Records shown
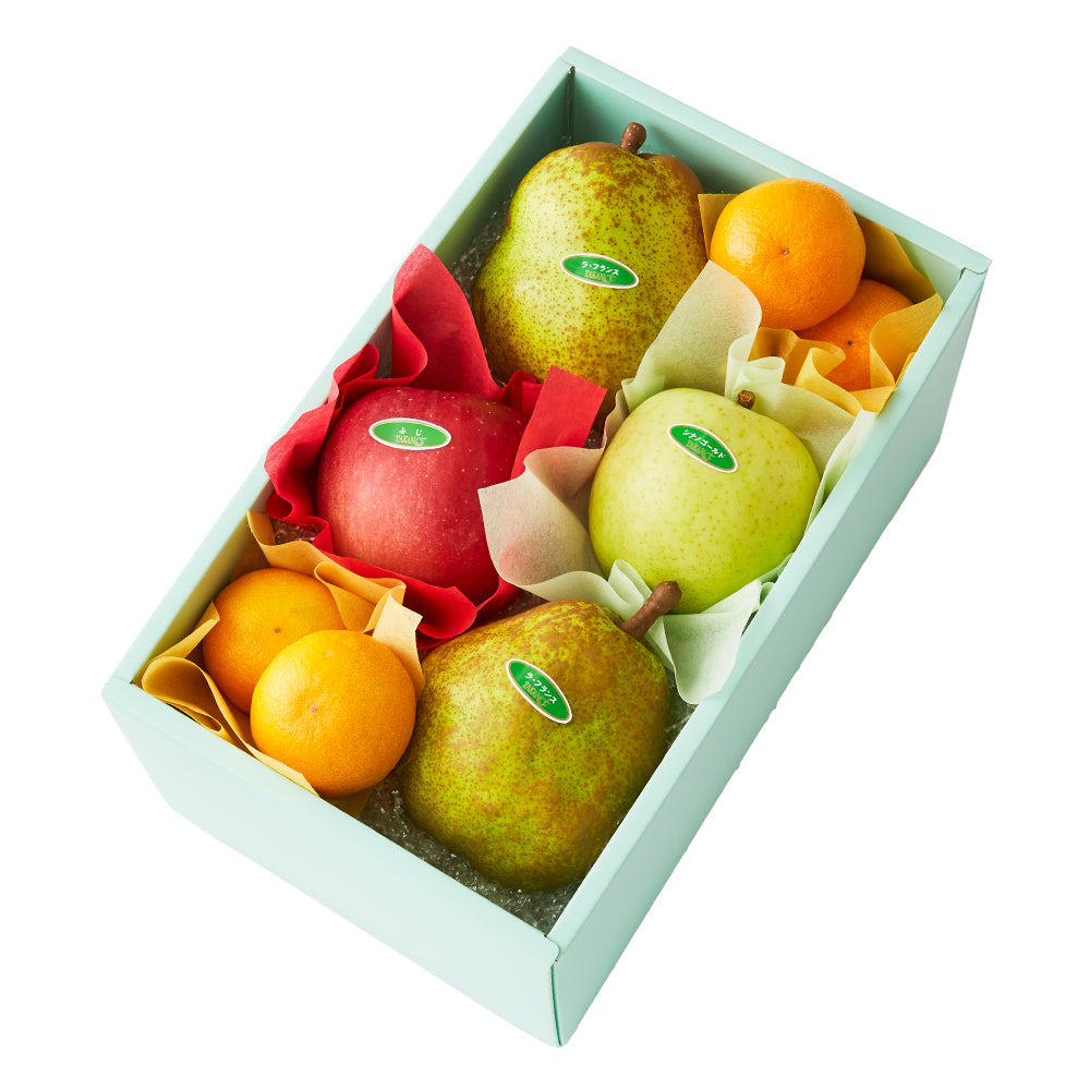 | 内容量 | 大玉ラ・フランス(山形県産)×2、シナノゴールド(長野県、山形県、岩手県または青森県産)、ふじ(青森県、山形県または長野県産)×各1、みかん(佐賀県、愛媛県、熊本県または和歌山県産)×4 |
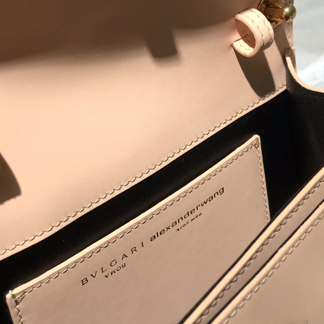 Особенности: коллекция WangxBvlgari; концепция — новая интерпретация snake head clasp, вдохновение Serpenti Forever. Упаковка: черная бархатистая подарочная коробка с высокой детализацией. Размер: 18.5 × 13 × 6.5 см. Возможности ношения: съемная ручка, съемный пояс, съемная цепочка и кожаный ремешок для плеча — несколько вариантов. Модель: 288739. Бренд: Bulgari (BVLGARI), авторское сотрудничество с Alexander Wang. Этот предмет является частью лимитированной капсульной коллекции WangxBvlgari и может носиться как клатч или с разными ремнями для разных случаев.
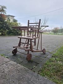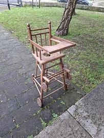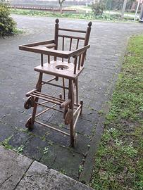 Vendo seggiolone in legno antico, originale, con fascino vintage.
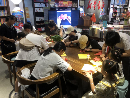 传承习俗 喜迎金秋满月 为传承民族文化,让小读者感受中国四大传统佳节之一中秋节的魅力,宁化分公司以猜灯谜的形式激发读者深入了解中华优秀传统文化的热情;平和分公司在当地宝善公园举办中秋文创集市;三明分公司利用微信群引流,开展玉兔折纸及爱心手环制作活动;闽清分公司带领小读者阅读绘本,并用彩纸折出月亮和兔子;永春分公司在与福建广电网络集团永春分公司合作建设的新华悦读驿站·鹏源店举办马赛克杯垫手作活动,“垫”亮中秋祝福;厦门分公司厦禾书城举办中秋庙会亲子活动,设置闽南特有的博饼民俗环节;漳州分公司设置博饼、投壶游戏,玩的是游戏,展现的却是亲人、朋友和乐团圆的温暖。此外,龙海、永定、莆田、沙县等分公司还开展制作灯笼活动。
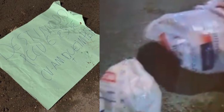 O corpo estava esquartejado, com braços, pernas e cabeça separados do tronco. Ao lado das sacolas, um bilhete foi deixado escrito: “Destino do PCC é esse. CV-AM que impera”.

==

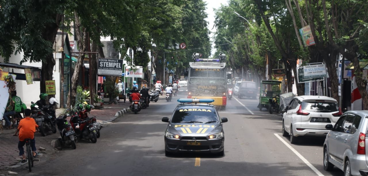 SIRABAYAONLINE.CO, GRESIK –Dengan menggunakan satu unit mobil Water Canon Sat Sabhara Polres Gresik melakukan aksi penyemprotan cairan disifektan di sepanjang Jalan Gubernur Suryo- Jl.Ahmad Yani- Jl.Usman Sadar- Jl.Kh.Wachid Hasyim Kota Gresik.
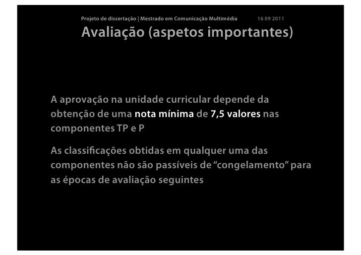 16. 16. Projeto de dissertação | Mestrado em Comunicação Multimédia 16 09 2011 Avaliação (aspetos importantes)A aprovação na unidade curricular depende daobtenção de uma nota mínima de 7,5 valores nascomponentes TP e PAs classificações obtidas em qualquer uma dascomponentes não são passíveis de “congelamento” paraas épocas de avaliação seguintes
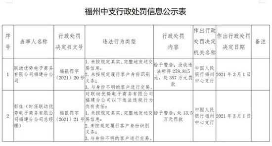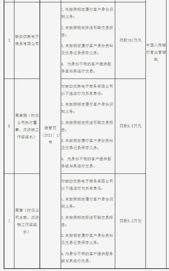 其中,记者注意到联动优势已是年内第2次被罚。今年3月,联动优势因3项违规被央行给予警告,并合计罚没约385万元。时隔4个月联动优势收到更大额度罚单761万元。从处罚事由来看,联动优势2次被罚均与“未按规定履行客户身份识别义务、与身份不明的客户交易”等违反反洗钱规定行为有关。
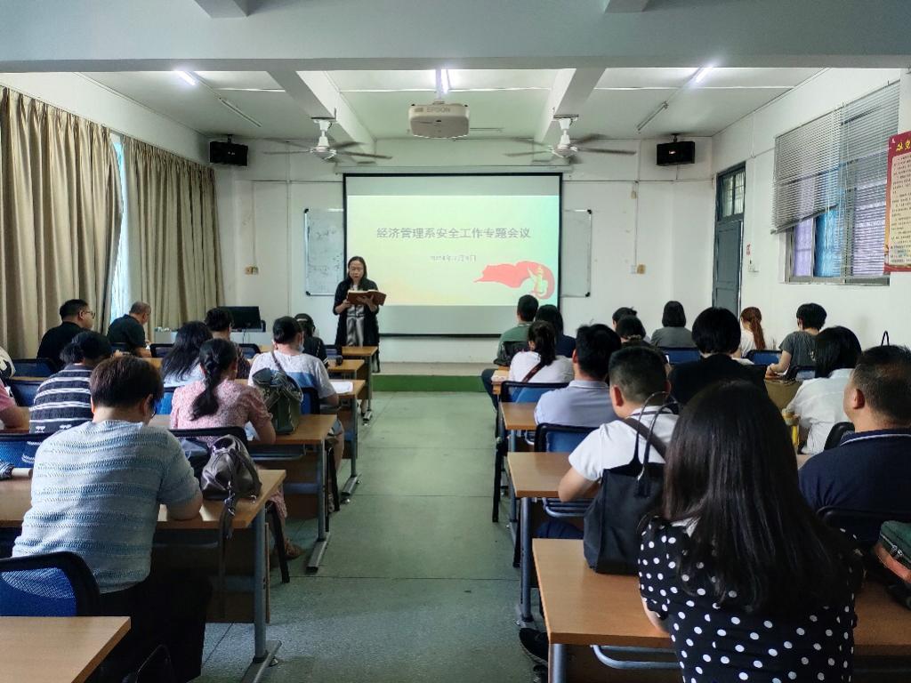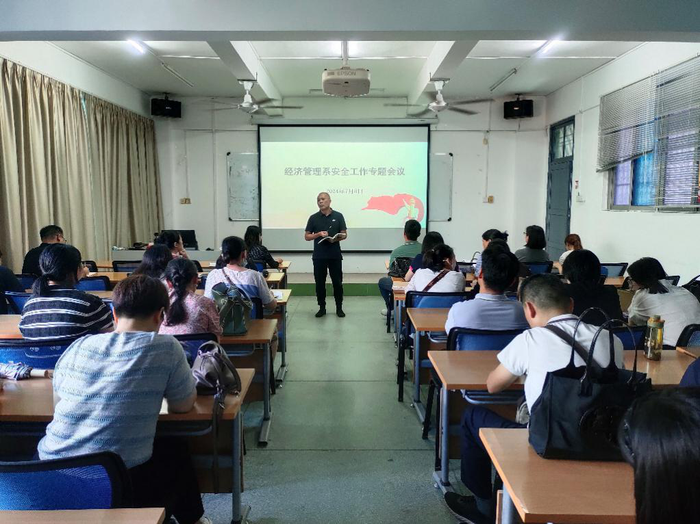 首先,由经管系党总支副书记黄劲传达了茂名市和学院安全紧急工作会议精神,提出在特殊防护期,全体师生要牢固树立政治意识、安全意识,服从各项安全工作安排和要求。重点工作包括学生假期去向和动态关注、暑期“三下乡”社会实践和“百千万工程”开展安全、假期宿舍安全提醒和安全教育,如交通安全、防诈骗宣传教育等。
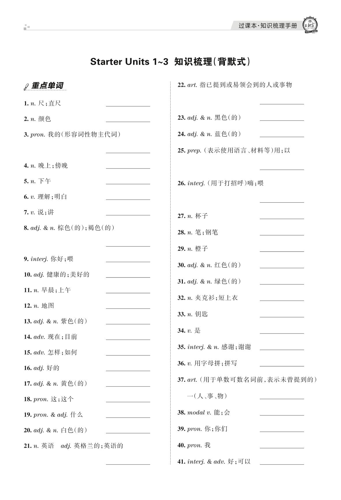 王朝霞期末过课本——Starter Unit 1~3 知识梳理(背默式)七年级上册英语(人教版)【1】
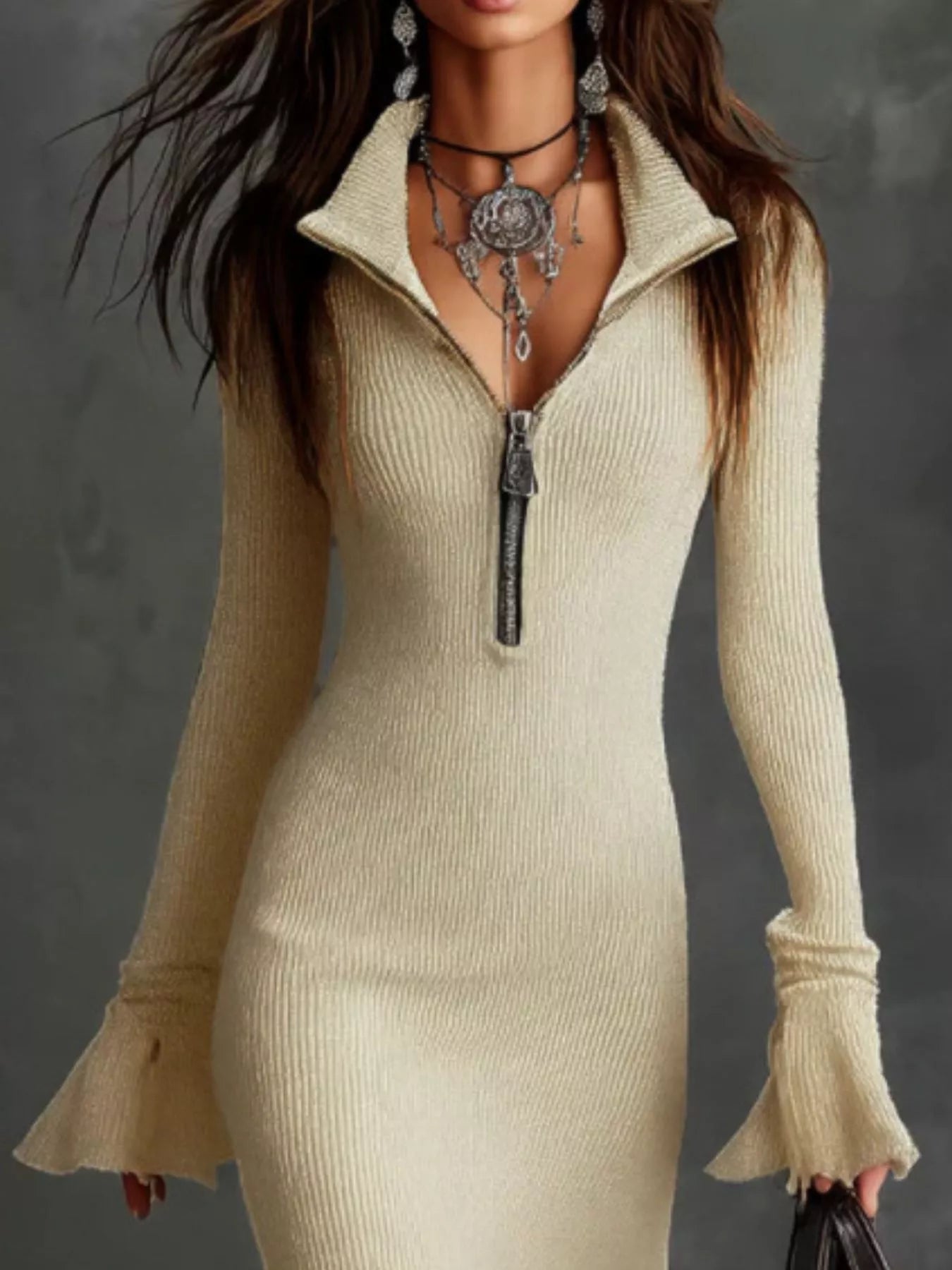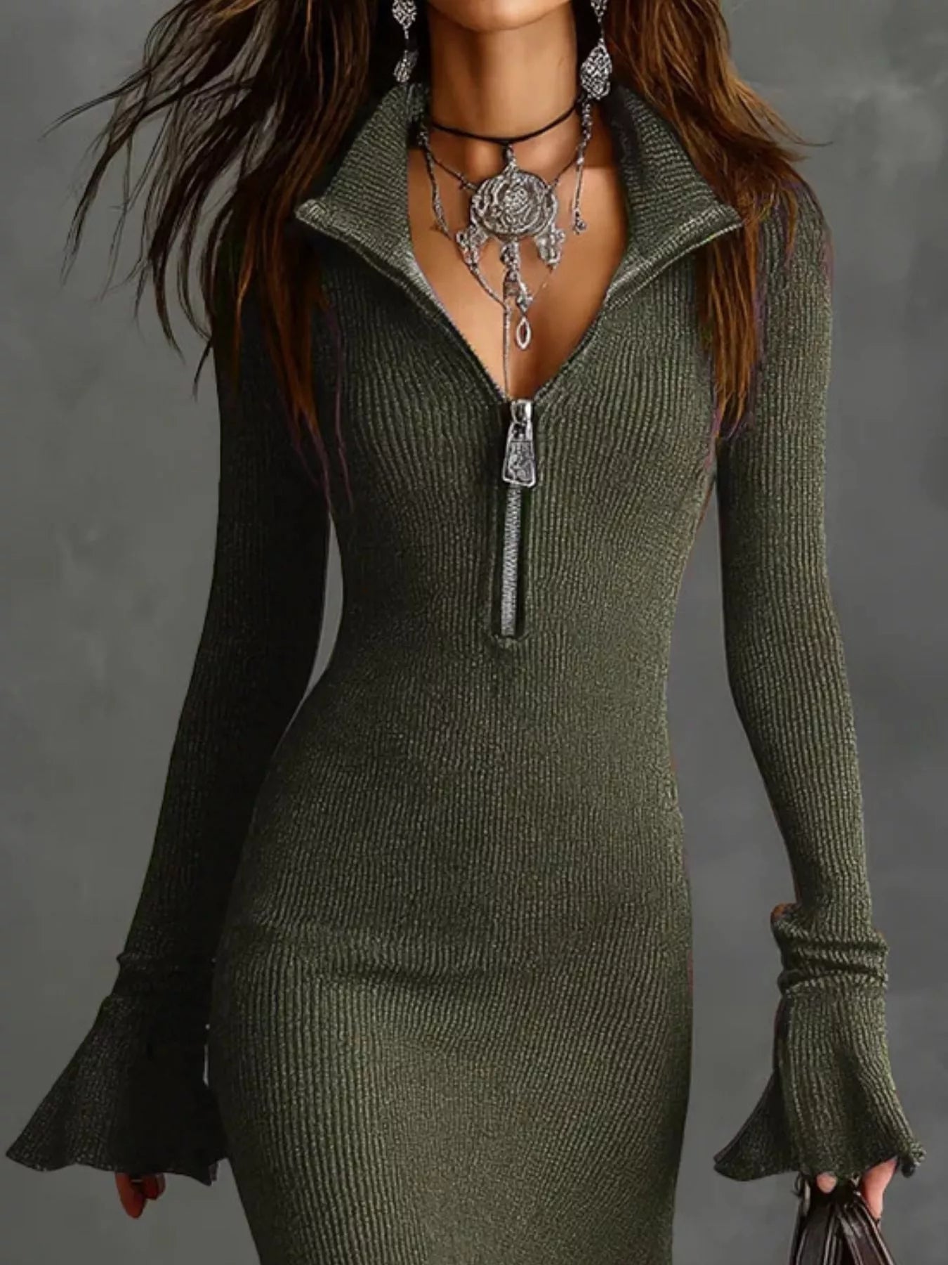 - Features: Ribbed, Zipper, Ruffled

...

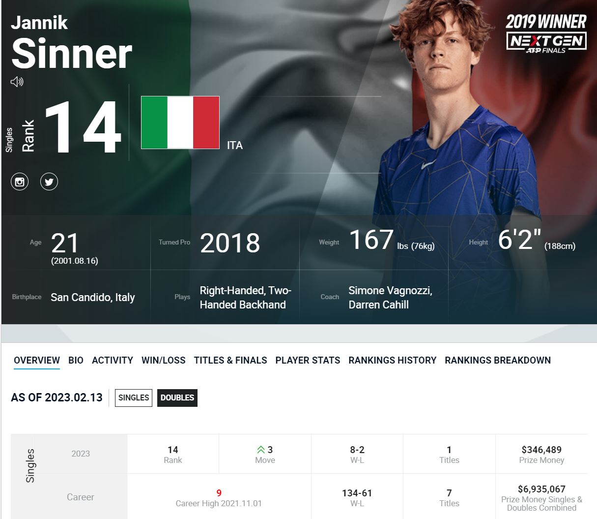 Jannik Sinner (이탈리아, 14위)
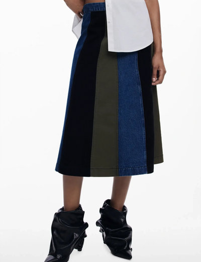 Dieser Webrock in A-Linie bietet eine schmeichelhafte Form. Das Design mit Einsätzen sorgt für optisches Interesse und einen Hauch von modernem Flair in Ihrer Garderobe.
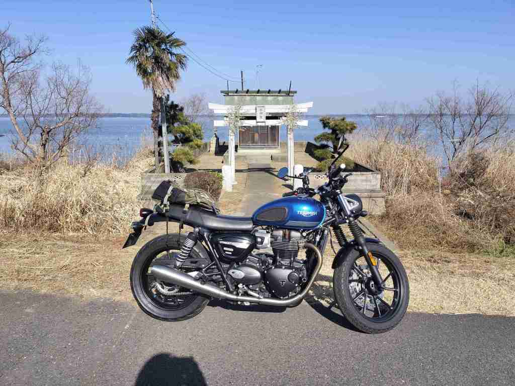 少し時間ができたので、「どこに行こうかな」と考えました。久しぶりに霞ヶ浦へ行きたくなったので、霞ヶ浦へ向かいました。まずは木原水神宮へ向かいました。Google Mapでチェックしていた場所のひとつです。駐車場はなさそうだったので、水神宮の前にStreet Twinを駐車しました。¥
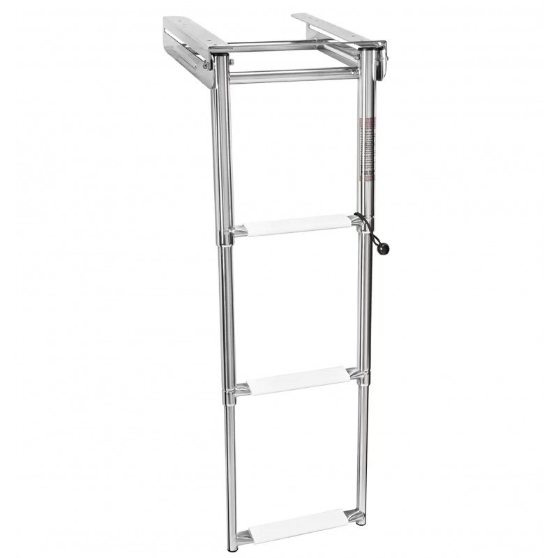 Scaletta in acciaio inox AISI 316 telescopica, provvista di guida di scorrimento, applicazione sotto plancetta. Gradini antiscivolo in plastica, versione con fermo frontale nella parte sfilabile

Task statement
Would you give again, exactly, the lines in the data above that run from the line containing "Dieser Webrock in" to the line containing "Scaletta in acciaio"? Include both ends and no pictures.

Worked solution
 Dieser Webrock in A-Linie bietet eine schmeichelhafte Form. Das Design mit Einsätzen sorgt für optisches Interesse und einen Hauch von modernem Flair in Ihrer Garderobe.
 少し時間ができたので、「どこに行こうかな」と考えました。久しぶりに霞ヶ浦へ行きたくなったので、霞ヶ浦へ向かいました。まずは木原水神宮へ向かいました。Google Mapでチェックしていた場所のひとつです。駐車場はなさそうだったので、水神宮の前にStreet Twinを駐車しました。¥
 Scaletta in acciaio inox AISI 316 telescopica, provvista di guida di scorrimento, applicazione sotto plancetta. Gradini antiscivolo in plastica, versione con fermo frontale nella parte sfilabile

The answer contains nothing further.